*Assignment*
Apart from the images, reproduce every record word for word.

┏━━

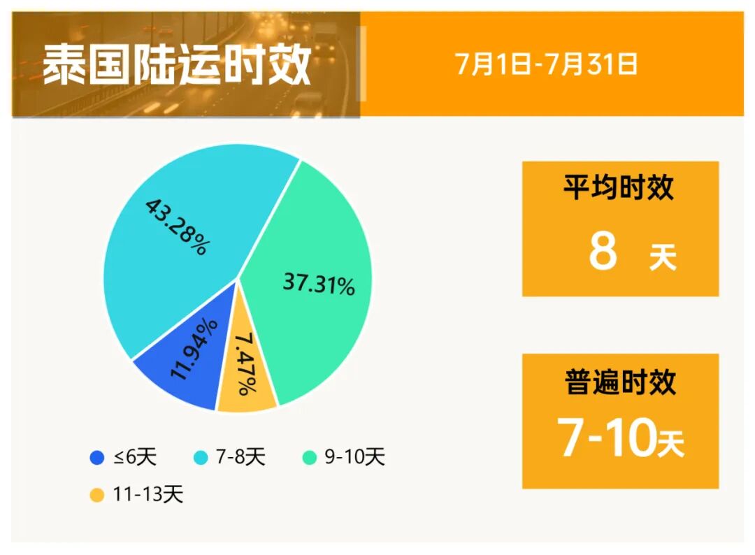 泰国陆运7月的整体时效在7-10天,平均时效8天。
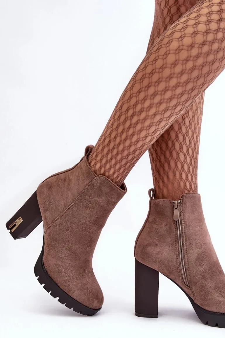 Klasyczne botki damskie zostały wykonane z miłego w dotyku eko zamszu. Osadzone na obcasie w postaci słupka. Buty te posiadają migdałowy nosek oraz usztywniany zapiętek. Model z suwakiem z boku cholewki. W środku nie posiadają ocieplenia, natomiast wkładka została wykonana z eko skóry. Przy wyborze rozmiaru prosimy sugerować się tabelą rozmiarów.
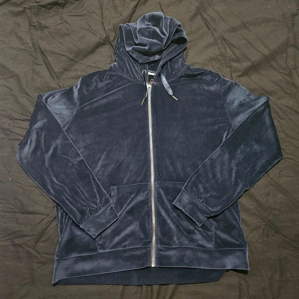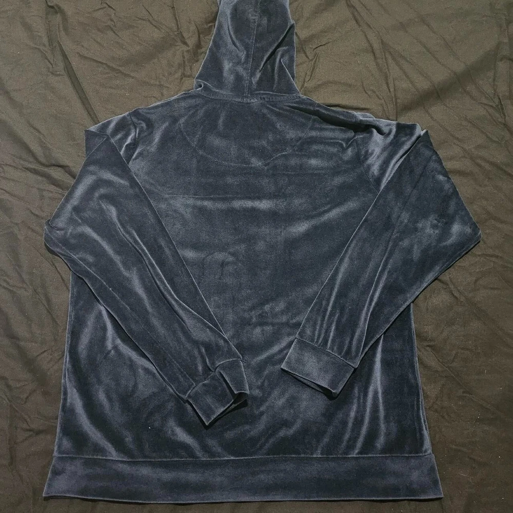 Y2K Velour Style Navy Blue Hoodie Stay cosy and stylish with this velour-style hoodie, perfect for casual days or layering up in colder weather. - Colour: Navy Blue - Size: 16 (Pit to Pit: 58 cm) - Silver zip front for easy wear - Ribbon hood tie for a cute and adjustable fit - Hardly worn, in excellent condition
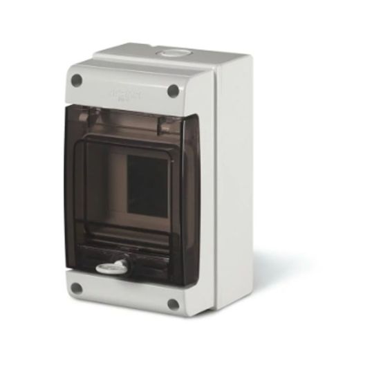 Switchboard Enclosure, 1 Rows, 4 Modules, IP66, Surface, Plastic, Grey, 190mm Height x 112mm Width x 106mm Depth
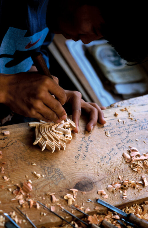 Inside a quiet workshop, chisels are lined up on desks littered with shavings. The room is thick with the smell of fresh wood. Thunstok Nimgoliy peers at his square carving before switching tools.
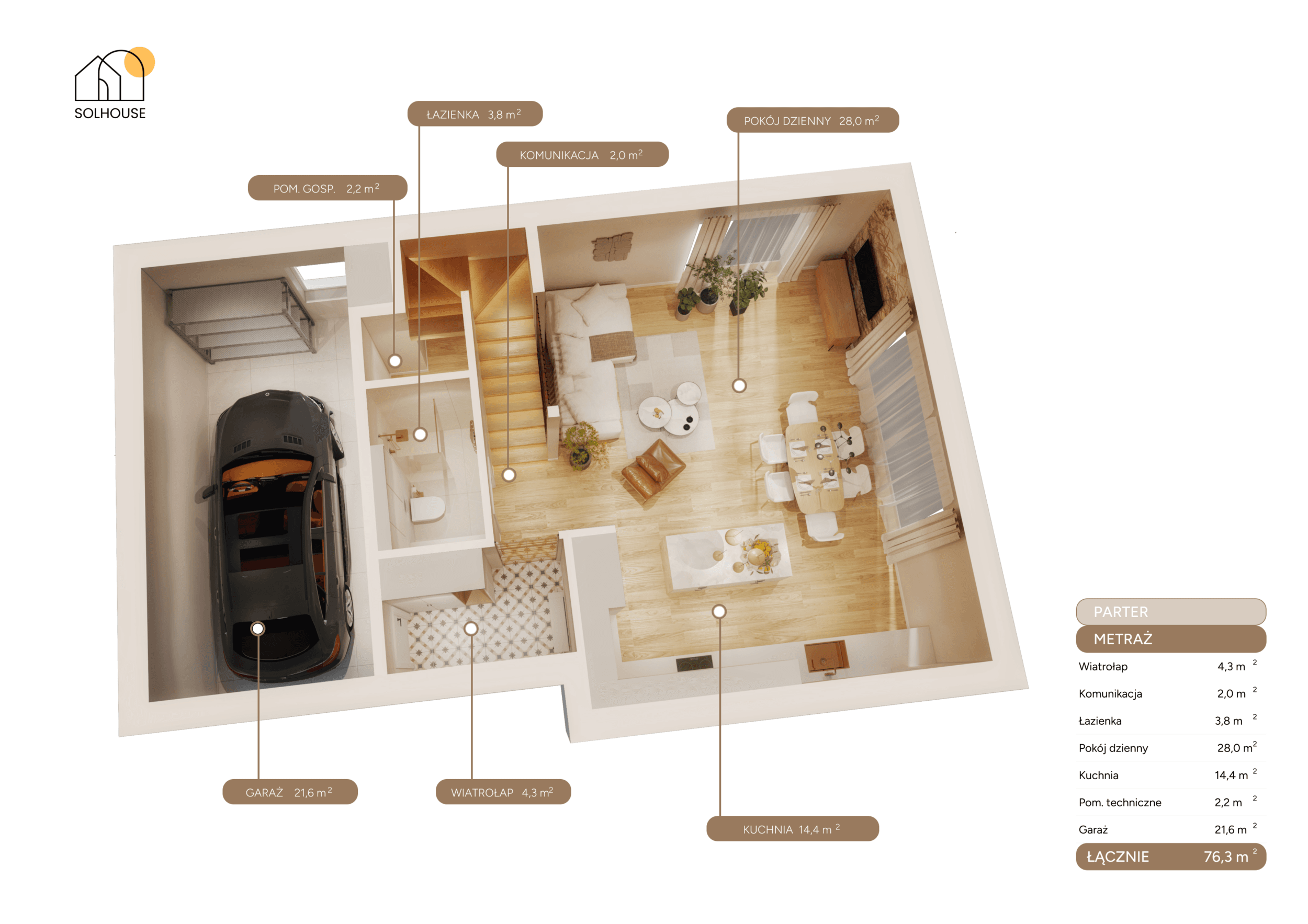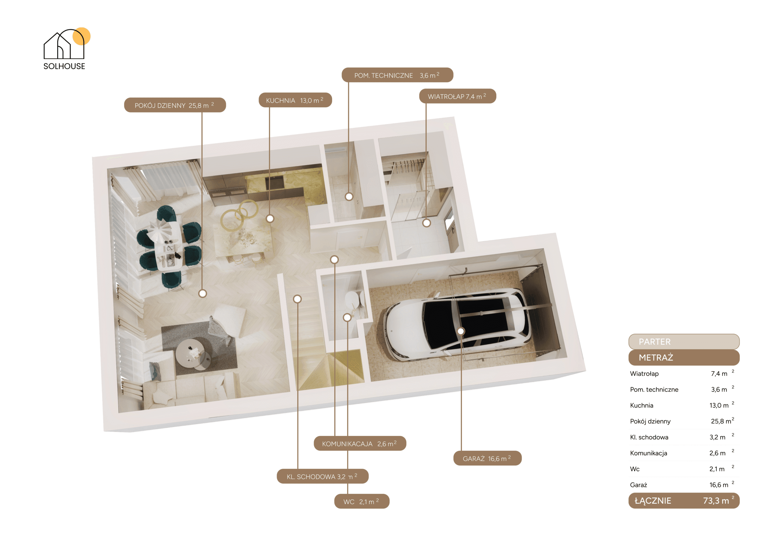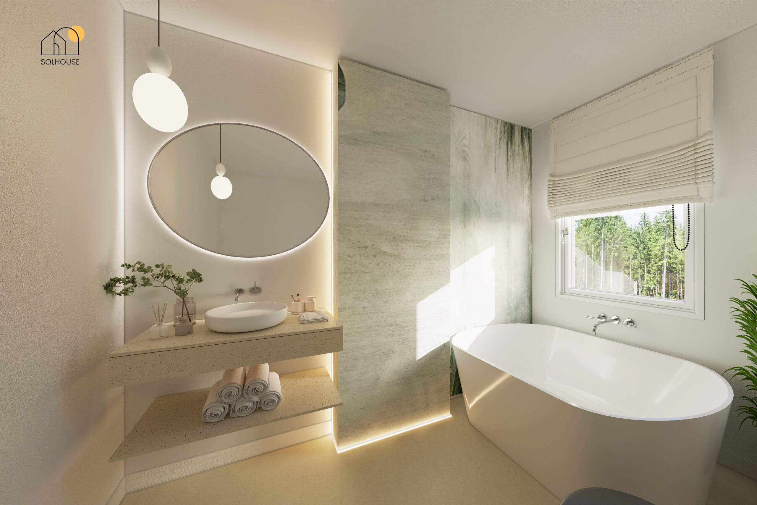 – 2 łazienki, miejsce na garderobę, pralnię i wszystko, co potrzebne do wygodnego życia
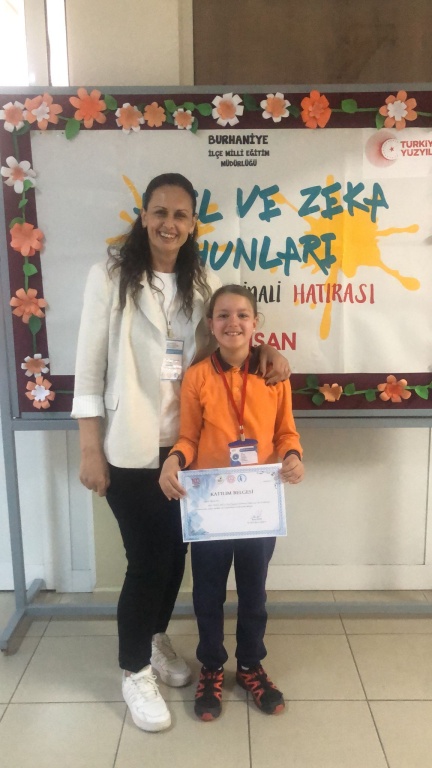 Üçüncü sınıf öğrencimiz Ö……Y…….A……. Motif oyununda ilçe dördüncüsü olmuştur.

┗━━

*Response to this task*
 泰国陆运7月的整体时效在7-10天,平均时效8天。
 Klasyczne botki damskie zostały wykonane z miłego w dotyku eko zamszu. Osadzone na obcasie w postaci słupka. Buty te posiadają migdałowy nosek oraz usztywniany zapiętek. Model z suwakiem z boku cholewki. W środku nie posiadają ocieplenia, natomiast wkładka została wykonana z eko skóry. Przy wyborze rozmiaru prosimy sugerować się tabelą rozmiarów.
 Y2K Velour Style Navy Blue Hoodie Stay cosy and stylish with this velour-style hoodie, perfect for casual days or layering up in colder weather. - Colour: Navy Blue - Size: 16 (Pit to Pit: 58 cm) - Silver zip front for easy wear - Ribbon hood tie for a cute and adjustable fit - Hardly worn, in excellent condition
 Switchboard Enclosure, 1 Rows, 4 Modules, IP66, Surface, Plastic, Grey, 190mm Height x 112mm Width x 106mm Depth
 Inside a quiet workshop, chisels are lined up on desks littered with shavings. The room is thick with the smell of fresh wood. Thunstok Nimgoliy peers at his square carving before switching tools.
 – 2 łazienki, miejsce na garderobę, pralnię i wszystko, co potrzebne do wygodnego życia
 Üçüncü sınıf öğrencimiz Ö……Y…….A……. Motif oyununda ilçe dördüncüsü olmuştur.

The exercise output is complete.